FIG. 12 shows a printing head for a serial printer, a pair of guide members 5 are attached to opposing sides of the thermal head, which includes a pair of thermal dot elements 2. A protection groove 26 is provided for eliminating ink mixture between the two guide members and is disposed at a location intermediate the two opposing sides of the thermal head 1. These guide members 5 and thermal head 1 are supported by a U-shaped supporting member 27. Supporting member 27 is movably mounted by a pair of guide axis shafts 28 which move in a direction indicated by arrow mark "D", whereby a printing head for a two color serial printer is thus constructed.
FIGS. 13 to 19 show other embodiments of the invention: In FIGS. 13 through 19 an aperture member 30 defining a plate having a first aperture 31 and a second aperture 32 which is displaced from the first aperture 31 is mounted to the thermal head 1. The second aperture 32 being positioned over the thermal dot elements 2.
The guide member 5, having many grooves 4, is positioned on aperture member 30, with aperture member 30 and guide member 5 being coupled each to the other as one body, thus forming a nozzle member 33.
The nozzle member 33 is reciprocally slidably coupled to thermal head 1, with the first aperture 31 acting in cooperation with an ink gathering portion 6.
Therefore, there is provided a plurality of grooves 4 correspond to one thermal dot element 2. The thickness of the guide member 5 may be in the range 0.1 to 0.3 mm, with the pitch of groove 4 between 0.01 to 0.03 mm. The thickness of the aperture member 30 is 0.01 to 0.03 mm.
In the above construction, the nozzle member 33 is pressed to the thermal head 1 in the direction indicated by arrow mark "B" and is reciprocally moved in the direction indicated by the arrow mark "A". The ink in the ink gathering portion 6 is supplied to the groove 4 via the first aperture 31, paths C and D, a bubble is formed by heat produced responsive to a driving pulse being applied to the thermal dot element 2 adjacent groove 4 resulting in ink being jetted toward a recording paper 34 along arrow mark "E", an ink recording is thus obtained.
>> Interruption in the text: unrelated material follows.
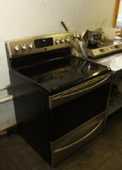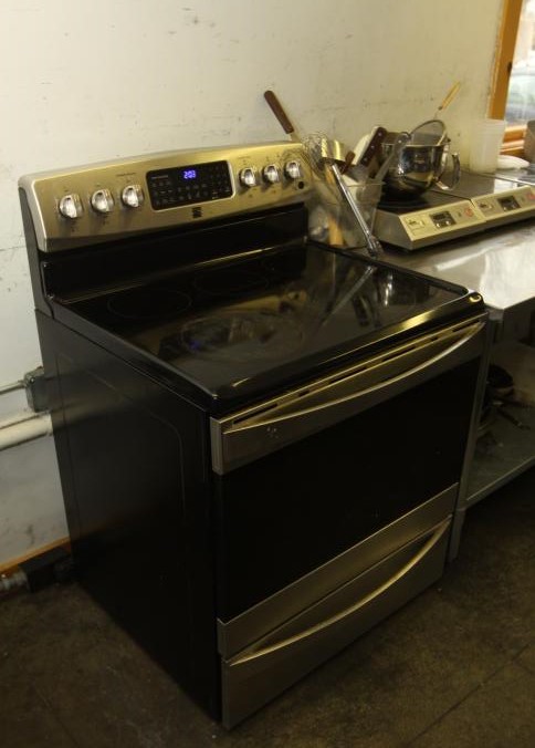 Kenmore Elite four burner convection electric stove/oven with warming zone and warming drawer, three interior racks, interior lighting model number 790.97003210, serial vf22943733. In working condition. Buyer is responsible for proper and safe removal to the first disconnect incl capping of any necessary lines

FIGS. 15 and 16 show other embodiments of the invention. FIG. 15 shows a thermal head in which the second apertures 32 correspond to the grooves 4 by a 1:1 ratio, namely it is same pitch construction. FIG. 16 shows a thermal head in which the second apertures 32 correspond to the grooves 4 by a random form, namely having different pitch construction.
FIGS. 17 and 18 show other embodiments of the nozzle member 33. In FIG. 17, a connecting hole is formed in guide member 5, and aperture member 30 is coupled with the guide member 5 by an adhesive material. Aperture member 30 has only the second aperture 32 formed therein. Further, in FIG. 18, a recess portion 41 is formed in the aperture member 30. The recess portion 41 and aperture member 30 are formed as one body by means of a laser.
FIG. 19 shows another embodiment of the invention wherein a magnet 42 is positioned under the thermal head 1 for coupling the nozzle member 33 to thermal head 1, whereby the nozzle member 33 is coupled to thermal head 1 by a magnetic force.
FIG. 20 shows another embodiment of the invention, wherein an inclined surface is formed on an endmost portion 1a of thermal head 1, whereby the thermal head is protected from being soiled by ink. The nozzle member 33 is pressed to thermal head 1 by an elastic plate 43.
FIG. 21 shows another embodiment of the invention wherein a supporting member 44 for the thermal head 1 is used. A suction pipe 45 located in supporting member 44 is positioned beneath nozzle member 33. The ink is thereby sucked by a vacuum pump such that fresh ink is constantly supplied to nozzle member 33.
According to the present invention, ink blockage is eliminated in the grooves since said guide member and thermal head are movable respectively.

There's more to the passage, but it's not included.